*Data supplied*
┄┄┄┄┄┄┄┄┄┄
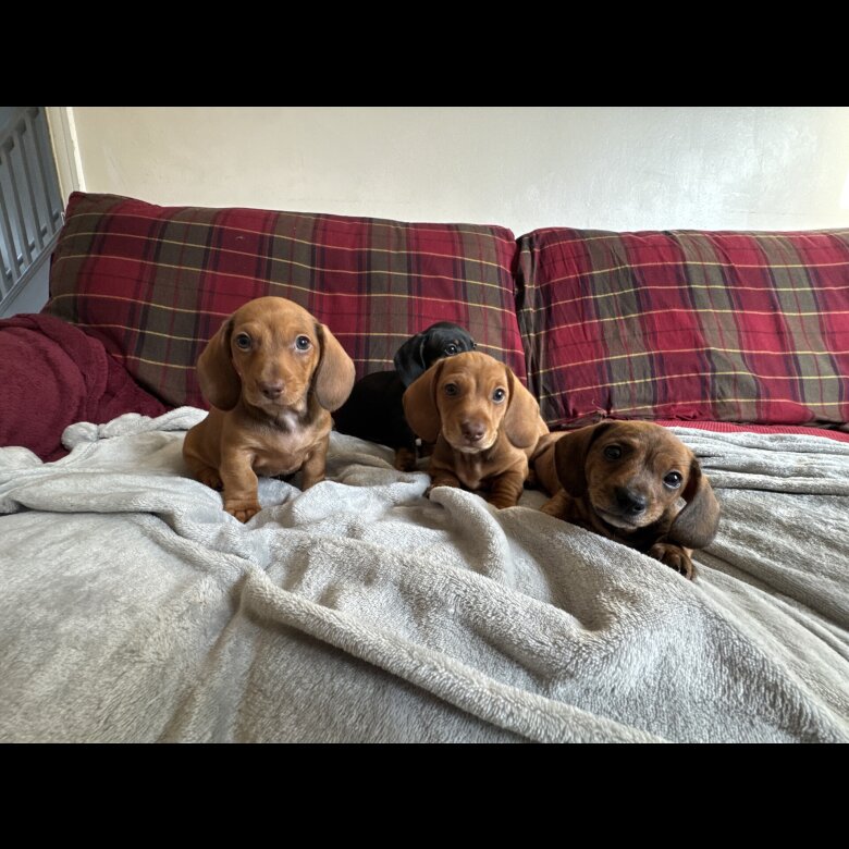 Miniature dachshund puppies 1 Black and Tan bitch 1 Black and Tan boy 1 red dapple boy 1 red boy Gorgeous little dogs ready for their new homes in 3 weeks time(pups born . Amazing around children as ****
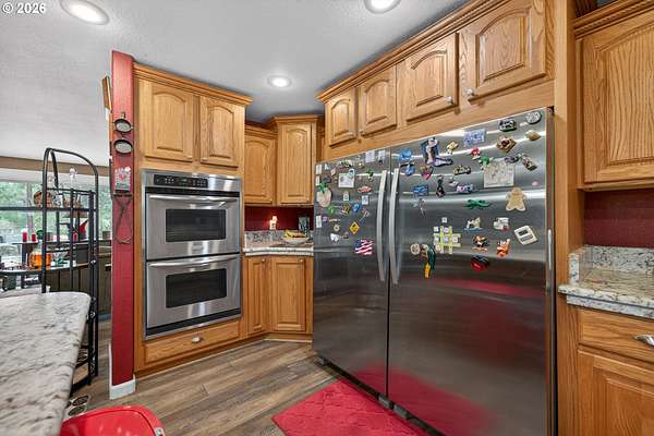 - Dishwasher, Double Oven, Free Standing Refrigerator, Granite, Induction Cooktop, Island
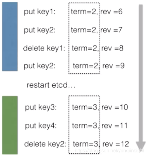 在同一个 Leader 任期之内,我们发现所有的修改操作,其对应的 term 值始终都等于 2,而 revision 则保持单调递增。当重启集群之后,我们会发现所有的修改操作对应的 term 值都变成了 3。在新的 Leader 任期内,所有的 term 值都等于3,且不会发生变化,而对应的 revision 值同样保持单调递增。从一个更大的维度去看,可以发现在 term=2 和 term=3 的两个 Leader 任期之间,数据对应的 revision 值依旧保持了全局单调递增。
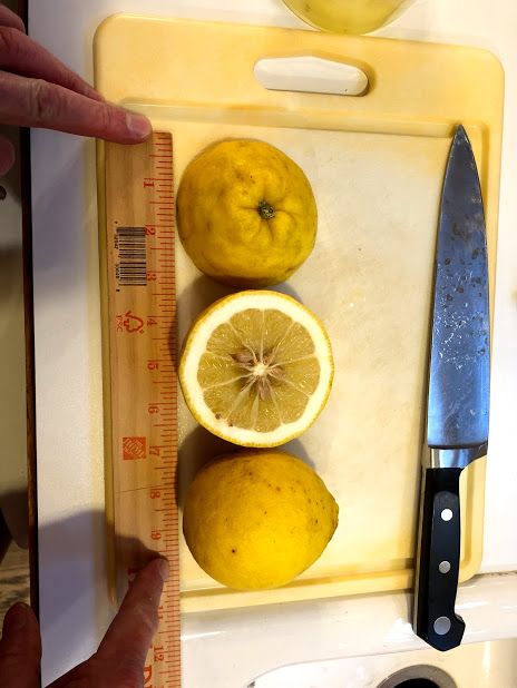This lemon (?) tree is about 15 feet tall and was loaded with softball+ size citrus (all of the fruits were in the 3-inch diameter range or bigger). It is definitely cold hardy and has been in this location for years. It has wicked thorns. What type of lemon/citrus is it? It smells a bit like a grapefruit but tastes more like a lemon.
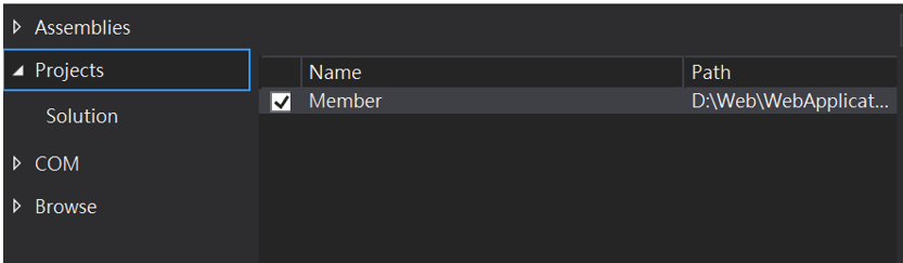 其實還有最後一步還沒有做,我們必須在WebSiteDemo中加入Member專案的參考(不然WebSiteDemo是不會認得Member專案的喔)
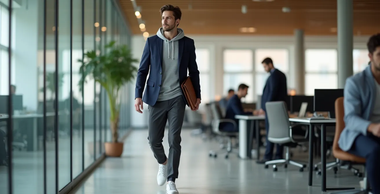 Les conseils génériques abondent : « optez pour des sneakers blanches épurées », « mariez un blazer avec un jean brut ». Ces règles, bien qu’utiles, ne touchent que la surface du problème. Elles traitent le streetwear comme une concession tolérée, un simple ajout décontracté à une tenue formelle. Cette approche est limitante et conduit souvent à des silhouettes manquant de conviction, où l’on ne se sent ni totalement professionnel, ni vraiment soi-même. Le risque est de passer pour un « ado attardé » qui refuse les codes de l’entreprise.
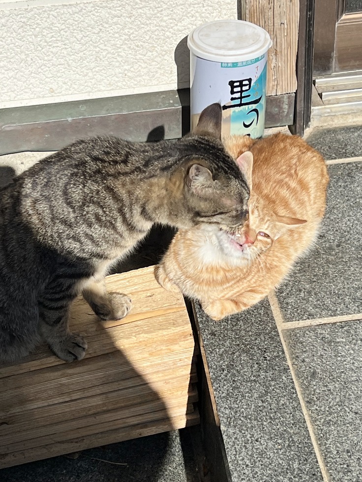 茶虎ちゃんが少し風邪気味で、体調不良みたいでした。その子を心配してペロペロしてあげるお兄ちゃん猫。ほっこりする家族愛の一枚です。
┄┄┄┄┄┄┄┄┄┄
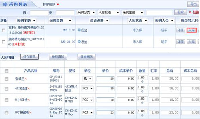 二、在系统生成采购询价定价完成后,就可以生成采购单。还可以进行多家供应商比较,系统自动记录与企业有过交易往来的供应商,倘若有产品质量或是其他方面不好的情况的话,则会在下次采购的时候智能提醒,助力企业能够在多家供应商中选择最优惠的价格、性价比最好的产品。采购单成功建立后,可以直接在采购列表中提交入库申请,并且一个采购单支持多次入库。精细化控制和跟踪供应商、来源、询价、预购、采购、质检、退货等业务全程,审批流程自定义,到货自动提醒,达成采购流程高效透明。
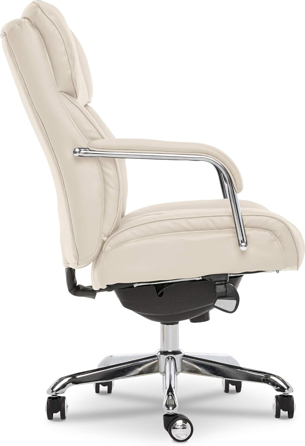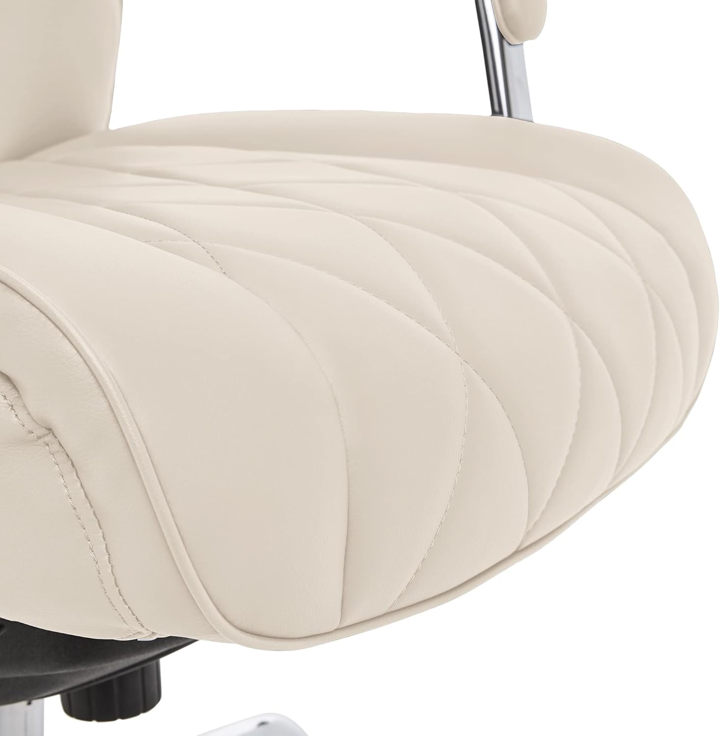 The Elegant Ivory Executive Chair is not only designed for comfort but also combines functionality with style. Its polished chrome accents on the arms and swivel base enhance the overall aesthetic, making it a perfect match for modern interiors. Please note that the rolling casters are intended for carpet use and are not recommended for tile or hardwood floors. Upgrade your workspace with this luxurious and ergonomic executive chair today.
┄┄┄┄┄┄┄┄┄┄
*Aim of the task*
Starting at the line containing "其實還有最後一步還沒有做,我" and stopping at the line containing "Les conseils génériques", output each line exactly as it appears above. Leave out the pictures.

*Output below*
 其實還有最後一步還沒有做,我們必須在WebSiteDemo中加入Member專案的參考(不然WebSiteDemo是不會認得Member專案的喔)
 Les conseils génériques abondent : « optez pour des sneakers blanches épurées », « mariez un blazer avec un jean brut ». Ces règles, bien qu’utiles, ne touchent que la surface du problème. Elles traitent le streetwear comme une concession tolérée, un simple ajout décontracté à une tenue formelle. Cette approche est limitante et conduit souvent à des silhouettes manquant de conviction, où l’on ne se sent ni totalement professionnel, ni vraiment soi-même. Le risque est de passer pour un « ado attardé » qui refuse les codes de l’entreprise.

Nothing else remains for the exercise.